In its April 4, 2011 “Dear Colleague” letter, the Education Department had banned the clear-and-convincing standard in sexual harassment cases. This ban is clearly wrong, since Title IX merely requires schools to respond to harassment in ways that are not “clearly unreasonable,” and there is nothing unreasonable at all about using a traditional standard of proof like the clear-and-convincing evidence standard. As a Yale Law Journal article once observed, “Courts, universities, and student defendants all seem to agree that the appropriate standard of proof in student disciplinary cases is one of ‘clear and convincing’ evidence.” (See University Disciplinary Process: What’s Fair, What’s Due, and What You Don’t Get, 96 Yale L. J. 2132, 2159 n. 17 (1987)).

That 2011 Dear Colleague letter purported to merely restate applicable law, declaring in footnote 1 that “this letter does not add requirements to applicable law, but provides information and examples to inform recipients about how OCR evaluates whether covered entities are complying with their legal obligations.” See Dear Colleague Letter: Sexual Violence Background, Summary, and Fast Facts (April 4, 2011), at pg. 1 fn. 1.

That claim was very disingenuous. As the civil liberties group Foundation for Individual Rights in Education notes, “in issuing its 2011 Dear Colleague letter, OCR effectively enacted new, substantive, binding rules without subjecting those rules to public notice and comment as required by the Administrative Procedure Act. As FIRE has argued, those rules should therefore be considered invalid.” Similarly, law professors such as Cornell’s Cynthia Bowman, a professor of feminist jurisprudence, noted that the “Dear Colleague” letter could not be a valid “administrative regulation,” since it “has not been subjected to notice and comment, and thus does not have the status of law.”

Putting aside its administrative overreaching, the Education Department’s demands on Harvard also raise serious due process (and potentially free speech) problems. As Professor K.C. Johnson notes, “As has occurred in previous settlements with SUNY and SMU, OCR also inserted an ex post facto review of cases from the past two academic years, ordering the law school to reinvestigate sexual assault [and harassment] claims (under the new, lower threshold) and to provide ‘any additional remedies necessary.’ Will previously acquitted students now be branded rapists?”

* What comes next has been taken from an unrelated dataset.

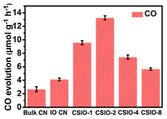 The metal modification method involves loading the surface of nanomaterials via Au [66], Ag, Pt [67], Pd, and other precious metals, so as to improve the separation efficiency of electron-hole pairs. Some researchers also use metal compounds to improve the performance of inverse opal photonic crystal photocatalysts. Huang et al. [68] developed a new type of CuS-loaded inverse opal g-C3N4 photocatalyst (CN) to improve its photocatalytic activity for CO2 reduction via the surface modification of CuS nanoparticles. In the experiment, inverse opal g-C3N4 with a good optical response and pore structure was prepared and characterized. Then, CuS nanoparticles were prepared by hydrothermal method and dispersed in toluene. Then, the CuS nanoparticles solution was added to the surface of inverse opal g-C3N4 and calcined at 110 °C for 1 h to obtain the CuS-modified inverse opal g-C3N4 photocatalyst. Finally, the photocatalytic reduction of CO2 was carried out using the catalyst, and its photocatalytic performance and mechanism were studied. The CO generation rate is shown in Figure 8. The results showed that the optimal loading of CuS was 2 wt%, and the corresponding CO-evolution was 13.24 μmol·g−1·h−1, which is 3.2 times that of IO CN and five times that of bulk CN.

Moreover, Section VII.A. of the Resolution Agreement hints that interim measures (measures against accused students who may later be absolved) must be imposed in not just in sexual assault cases but also in sexual harassment cases in general (which could include complaints based on things like offensive speech or requests for a date). As a result, classroom speech deemed harassing by a complainant based on its viewpoint might now give rise to interim measures like removal from class pending a disciplinary hearing, despite the serious First Amendment problems that would entail. This is problematic, because the First Amendment generally prohibits viewpoint-based speech restrictions in the university setting (as the Supreme Court made clear in its Rosenberger decision), campus speech codes modeled on ordinary workplace harassment rules have accordingly been struck down by the courts [see, e.g.,  Dambrot v. Central Michigan University, 55 F.3d 1177 (6th Cir. 1995); DeJohn v. Temple University, 537 F.3d 301 (3d Cir. 2008); UWM Post, Inc. v. Board of Regents, 774 F.Supp. 1163 (E.D. Wis. 1991)], and the First Amendment requires the dismissal of harassment lawsuits based on constitutionally-protected speech [See Rodriguez v. Maricopa Community College, 605 F.3d 703 (9th Cir.2010)]. Even outside the context of speech, constitutional due process protections forbid the imposition of even temporary measures against someone absent some quantum of evidence. [See Tyree v. Evans, 728 A.2d 101 (D.C. 1999); Connecticut v. Doehr, 501 U.S. 1 (1991)]. We previously discussed the constitutional problems created by OCR’s overly broad demands for “interim measures” here and here.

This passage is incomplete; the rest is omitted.